The tool description SHALL clearly distinguish `tags` (selection filter) from `add`/`remove` (tag changes to apply).
#### Scenario: MCP bulk tag update
- **WHEN** `kb_bulk_tags(tags=["agent:mybot"], add=["reviewed"], remove=["draft"])` is called
- **THEN** the engine client SHALL send the appropriate `POST /api/v1/bulk/tags` request
### Requirement: MCP bulk set-tags tool
The MCP server SHALL expose a `kb_bulk_set_tags` tool with parameters: `document_ids`, `tags`, `doc_type`, `from_id`, `to_id` (selection filters), plus `new_tags` (list of str) and `force` (optional bool).
#### Scenario: MCP bulk set tags
- **WHEN** `kb_bulk_set_tags(doc_type="note", new_tags=["clean"])` is called
- **THEN** the engine client SHALL send `POST /api/v1/bulk/set-tags` with `{"doc_type": "note", "new_tags": ["clean"]}`
### Requirement: MCP engine client bulk methods
The MCP engine client (`mcp/engine.py`) SHALL provide three new methods:
- `bulk_delete(document_ids?, tags?, doc_type?, from_id?, to_id?, force?)` → dict
- `bulk_tags(document_ids?, tags?, doc_type?, from_id?, to_id?, add?, remove?, force?)` → dict
- `bulk_set_tags(document_ids?, tags?, doc_type?, from_id?, to_id?, new_tags?, force?)` → dict
Each SHALL send a POST request to the corresponding `/api/v1/bulk/*` endpoint with the parameters as a JSON body. Each SHALL raise on non-2xx status codes, consistent with existing methods.
### Requirement: CLI bulk-remove command
The CLI SHALL expose a `kb bulk-remove` command with flags: `--tags` (comma-separated), `--type`, `--ids` (comma-separated), `--from-id`, `--to-id`, `--force`/`-f`, `--yes`/`-y`.

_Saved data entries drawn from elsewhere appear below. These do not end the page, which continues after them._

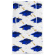 Casquette de graduation bleue avec confettis d'or sur arrière - plan blanc. La couleur Arrière - plan peut être modifiée.
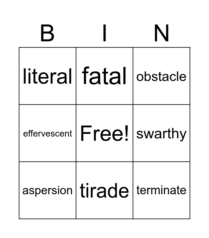 This bingo card has a free space and 8 words: swarthy, obstacle, fatal, aspersion, literal, terminate, effervescent and tirade.
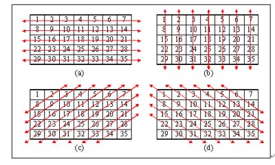 以對數(shù)據(jù)的位置重新排列方法,如圖1.1所示,假設(shè)其中的一個子圖皆為一張檔案大小5*7的圖文件,則在”位置重新排列”的方法中,其先對檔案數(shù)據(jù)作左右方向位置的調(diào)換,如圖1.1(a);再將經(jīng)過左右方向轉(zhuǎn)換的檔案數(shù)據(jù),作上下方向位置的調(diào)換,如圖1.1(b);再將經(jīng)過左右方向與上下方向轉(zhuǎn)換的檔案數(shù)據(jù),作右上左下方向位置的調(diào)換,如圖1.1(c);最后在將經(jīng)過前三個方向轉(zhuǎn)換的檔案數(shù)據(jù),作左上右下方向位置的調(diào)換,如圖1.1(d)。因此,其對于每一張圖檔都在四種方位上對數(shù)據(jù)作位置上的對調(diào),如此才完成一張圖檔的加密過程。并且在任何一個方向上,對數(shù)據(jù)作轉(zhuǎn)換的方向與點(diǎn)數(shù)都是不固定的,其完全依照隨機(jī)的方式,并有產(chǎn)生隨機(jī)方向與點(diǎn)數(shù)的機(jī)制。此種方法,僅針對檔案中的數(shù)據(jù)調(diào)換位置,即將數(shù)據(jù)位置作重新排列,此舉并不會改變到檔案中每一個數(shù)據(jù)內(nèi)容的值。
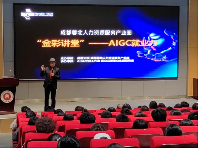 通过精心策划的讲座内容,全面介绍了AIGC技术的基本概念、工作原理及其在多个行业的应用潜力,深入分析了行业的发展趋势,为学生揭示了未来职业机会,并提供了关于如何提升个人技能以适应市场需求的实用建议。此次讲座的成功举办,不仅极大提升了蓉北人才港在我校及业界的知名度,也加深了其与高等教育机构的联系,增强了其在人力资源服务市场的品牌影响力。通过与蓉北人才港的紧密合作,我们成功展示了在促进教育与产业深度融合方面的积极探索与实践,为成都大学的学子们在职业规划和学术研究上铺设了坚实的桥梁,提供了强有力的支持。

Without `--yes`, the CLI SHALL first display the match count and ask for interactive confirmation before proceeding.
The command SHALL call `POST /api/v1/bulk/delete` with the constructed filter.
#### Scenario: CLI bulk remove with confirmation
- **WHEN** `kb bulk-remove --tags "draft,old" --type note` is run without `--yes`
- **THEN** the CLI SHALL display "This will delete N documents matching: tags=[draft,old] type=note" and prompt "Proceed? [y/N]"
#### Scenario: CLI bulk remove with --yes
- **WHEN** `kb bulk-remove --tags "draft" --yes` is run
- **THEN** the CLI SHALL proceed without prompting
### Requirement: CLI bulk-tag command
The CLI SHALL expose a `kb bulk-tag` command with the same filter flags as `bulk-remove`, plus `--add` and `--remove` (comma-separated tag lists).
The command SHALL call `POST /api/v1/bulk/tags` with the constructed filter and tag changes.
### Requirement: CLI bulk-set-tags command
The CLI SHALL expose a `kb bulk-set-tags` command with the filter flags, plus `--set` (comma-separated list of replacement tags).
The command SHALL call `POST /api/v1/bulk/set-tags` with the constructed filter and `new_tags`.